Domain "Test" Rare thing The trap
Monitoring Alert Real incident "It fired, must be real"
Fraud detection Fraud-score flag Fraudulent transaction Flag 1% of legit users → flood of false positives
Security scanner Vuln/IDS alert Actual exploit Analysts drown in noise, miss the real one
Spam/abuse filter "Spam" verdict Actual spam Ham misclassified at scale
Flaky-test detector "Likely flaky" label Genuinely broken test Auto-quarantine hides real regressions

The rule: A detector's usefulness depends as much on the base rate of what it detects as on its own accuracy. When the base rate is low, you need an extremely low false-positive rate or the detector is mostly crying wolf.

This connects directly to base rates and expected value, which generalizes the idea, and to the cognitive biases topic, which catalogs why our intuition fails here.


5. Setting priors: data vs gut

Bayes is only as good as your prior. Where does the prior come from?

Source When to use it Risk
Measured frequency You have historical data (incidents/month, % of deploys that fail, flaky-test rate) Stale data; past ≠ future
Reference class No data on this exact thing, but you have data on similar things ("migrations like this fail ~20% of the time") Picking the wrong reference class
Expert gut No data at all; seasoned judgment Overconfidence, recency bias

The professional move is a hierarchy: prefer measured base rates → fall back to a reference class → use gut only as a last resort, and flag it as such. A prior you pulled from a dashboard is worth more than one you pulled from a feeling, and you should be honest about which one you used.

Anti-pattern: the "uniform prior" reflex — assuming 50/50 because you "don't know." 50/50 is itself a strong claim (maximum uncertainty). If incidents happen 0.1% of the time, your prior is 0.1%, not 50%. Defaulting to 50/50 is how base-rate neglect sneaks in.


6. Confidence is a spectrum, not a switch

Junior thinking has two states: true and false. Middle thinking has a dial.
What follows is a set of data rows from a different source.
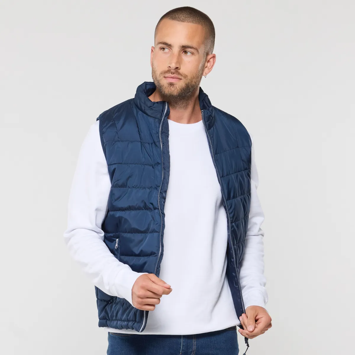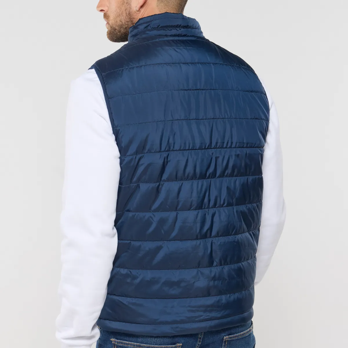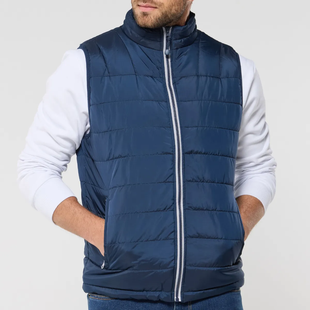 Le bodywarmer homme matelassé PK310 est déperlant, coupe-vent et disponible en 16 coloris bi-ton. Extérieur polyester pongé 68 g/m², intérieur matelassé 140 g/m². Tailles S à 6XL — parfait pour personnaliser au logo de ton équipe.
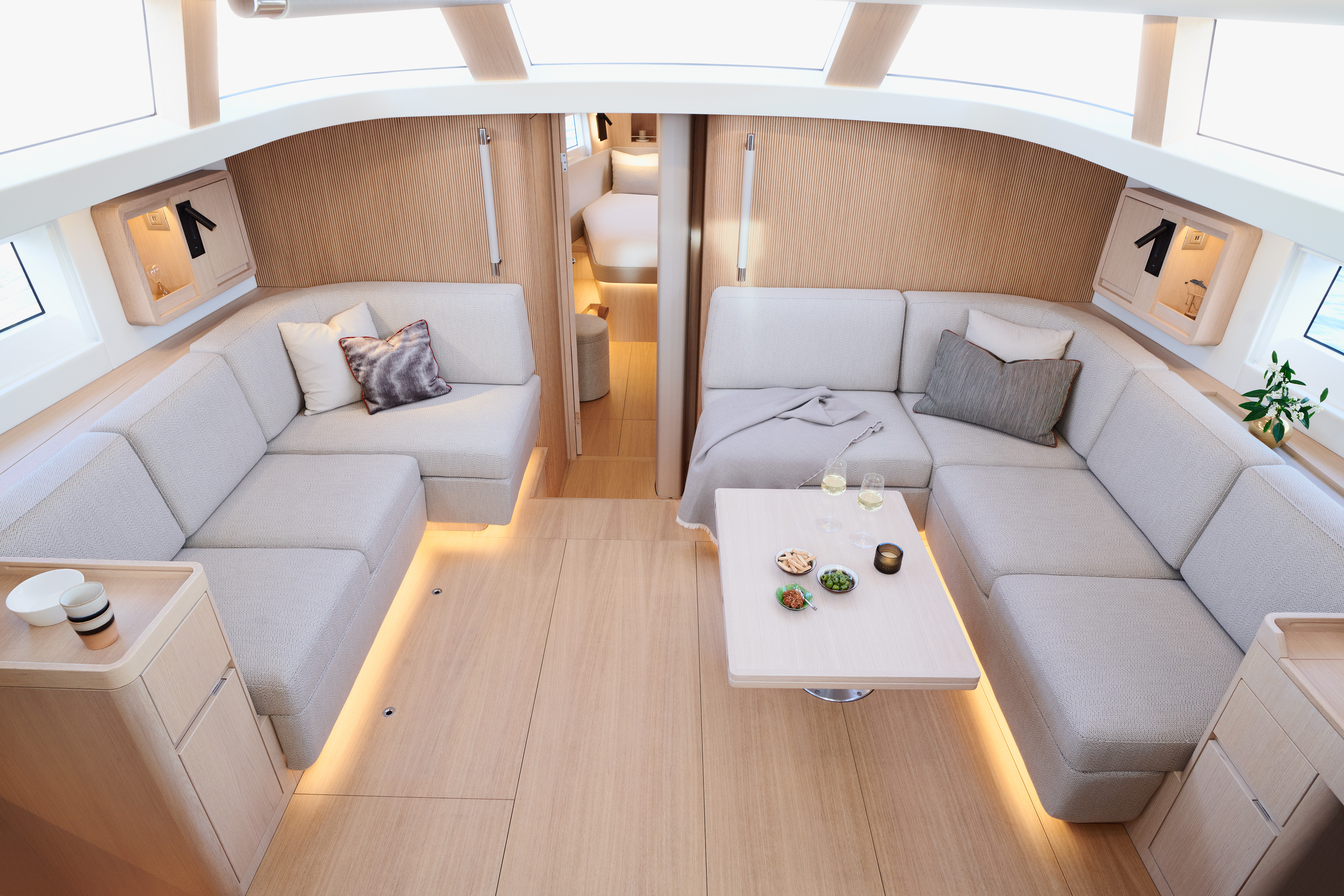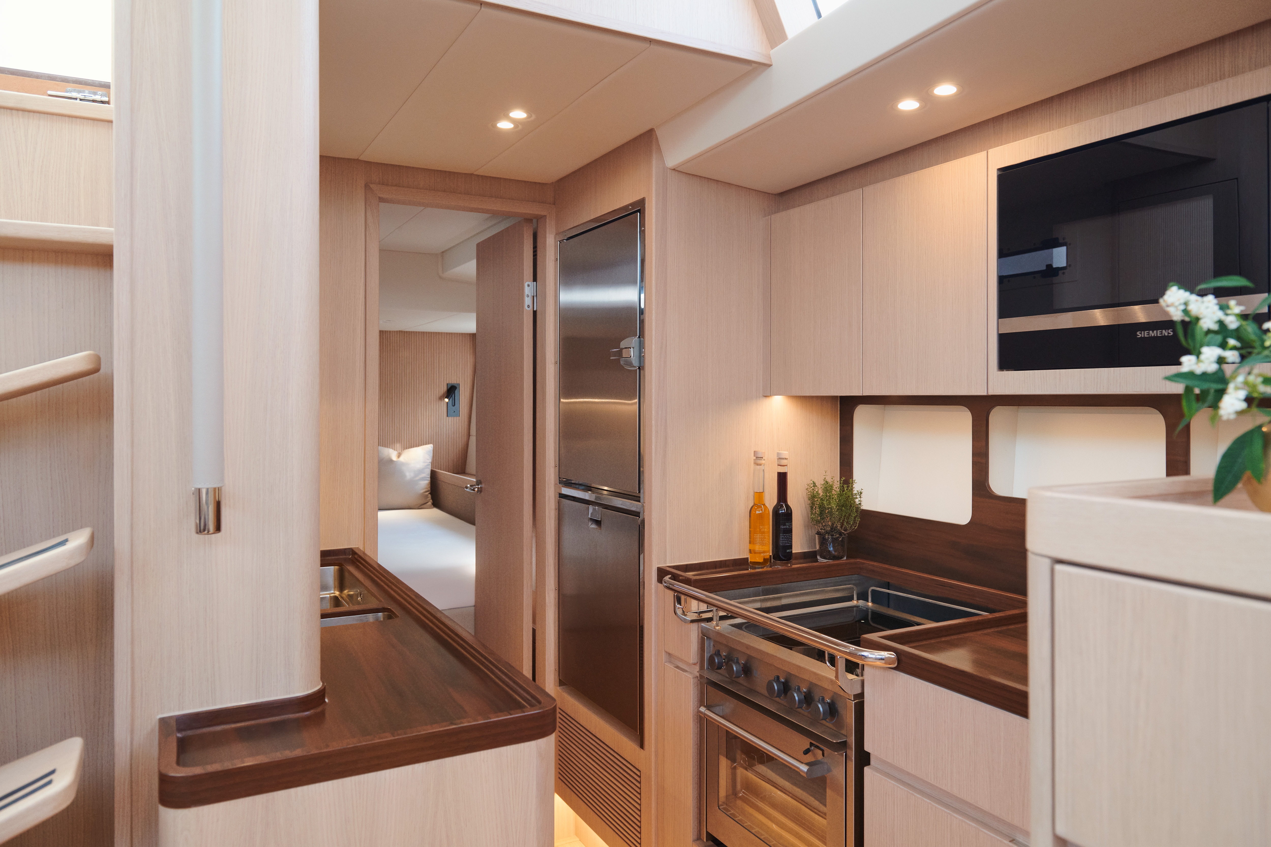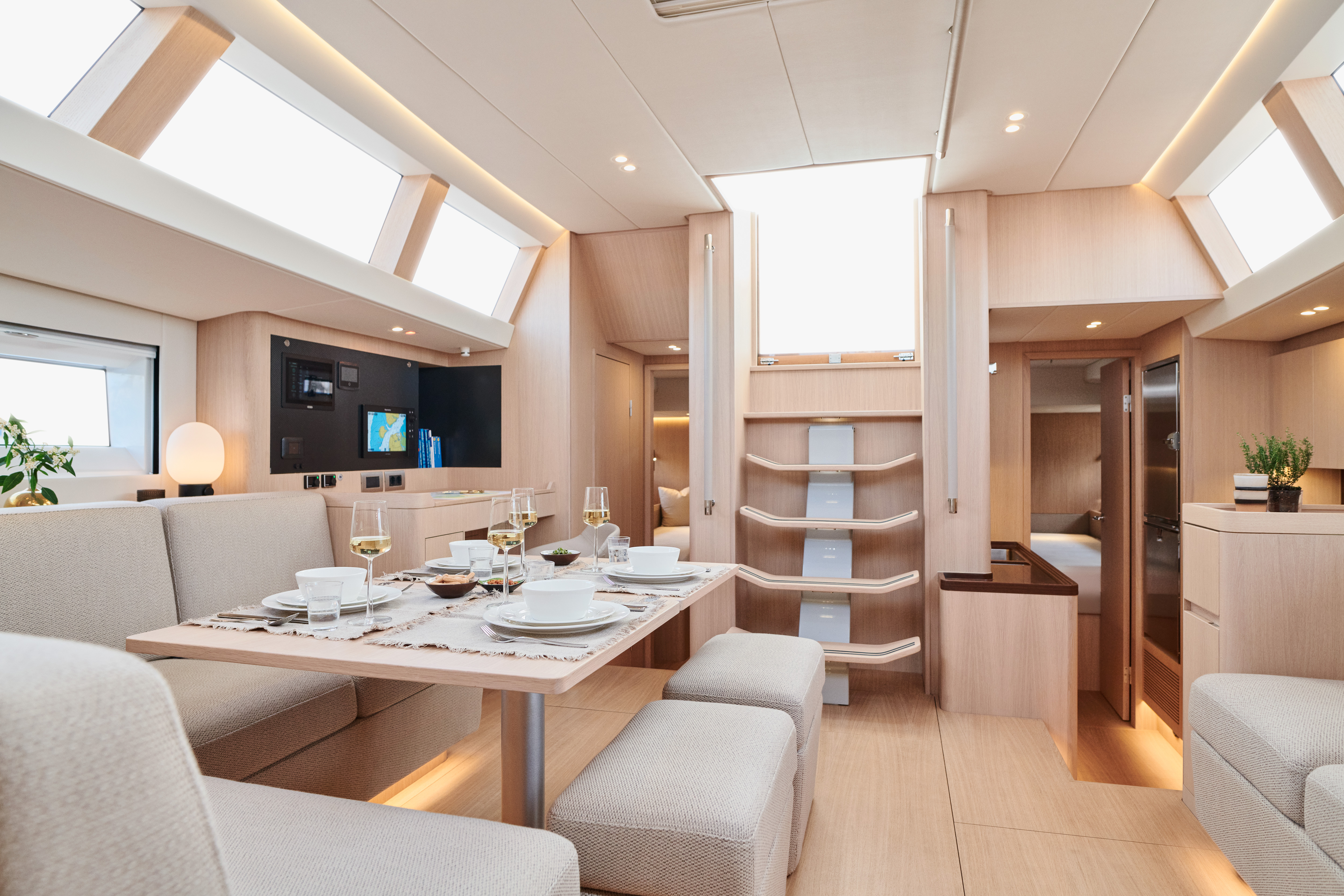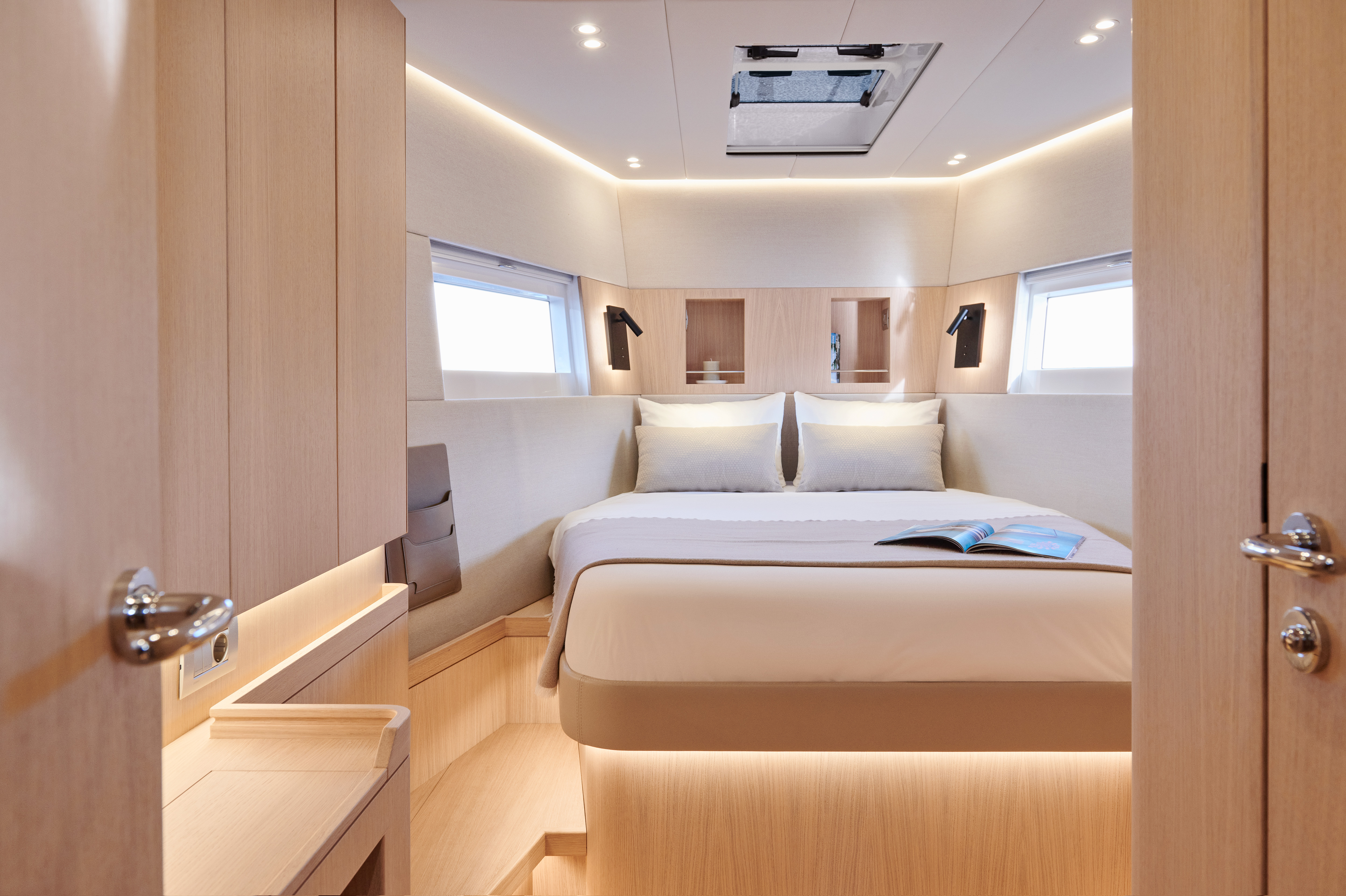 Displaying incredible onboard space, both above and below deck, the Contest 49CS creates a secure environment for all onboard. The three-cabin arrangement is ideal for safe, performance family sailing, while also providing space for a tender garage, as well as a submersible bathing platform.
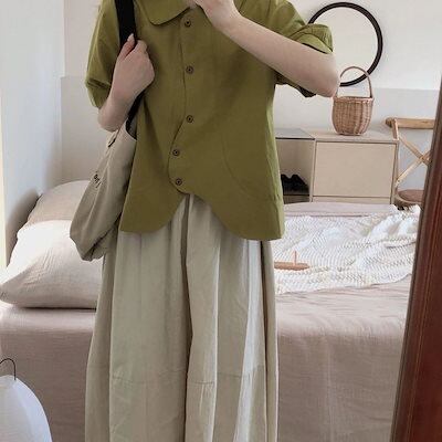今っぽシアーシャツ 夏 韓国ファッション 新デザイン不規則な半袖シャツ シースルートップス
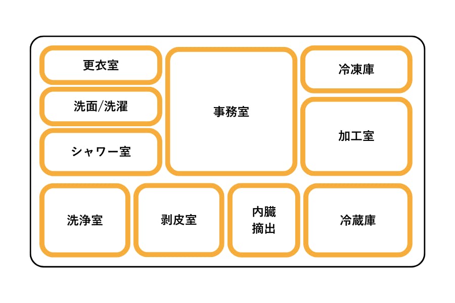 施設は右手前から洗浄室、左手前が更衣室、洗浄室、ロッカー室です。

0% ───── 25% ───── 50% ───── 75% ───── 100%
"no"   "doubt it"  "coin    "likely"   "yes"
                    flip"

Most real engineering claims live in the murky middle, and the value of saying "I'm 65% confident" instead of "yes" is that it tells the listener how much to trust you and how much to hedge. A 95% claim and a 55% claim both round to "yes," but they should trigger completely different amounts of testing, monitoring, and rollback preparation.


7. Don't let point estimates hide variance

A junior reports: "The endpoint takes 80ms." That single number is a point estimate, and it's quietly lying — it hides the distribution.

Mean latency:      80 ms
But the spread:
  p50  =  40 ms
  p95  =  180 ms
  p99  =  900 ms   ← this is what your angry users feel

The mean of 80ms tells you almost nothing about the experience at the tail. Reporting a single number where a distribution lives is one of the most common ways engineers fool themselves and others. Whenever you give one number, ask: what's the spread, and which part of it matters? (The senior level goes deep on this.)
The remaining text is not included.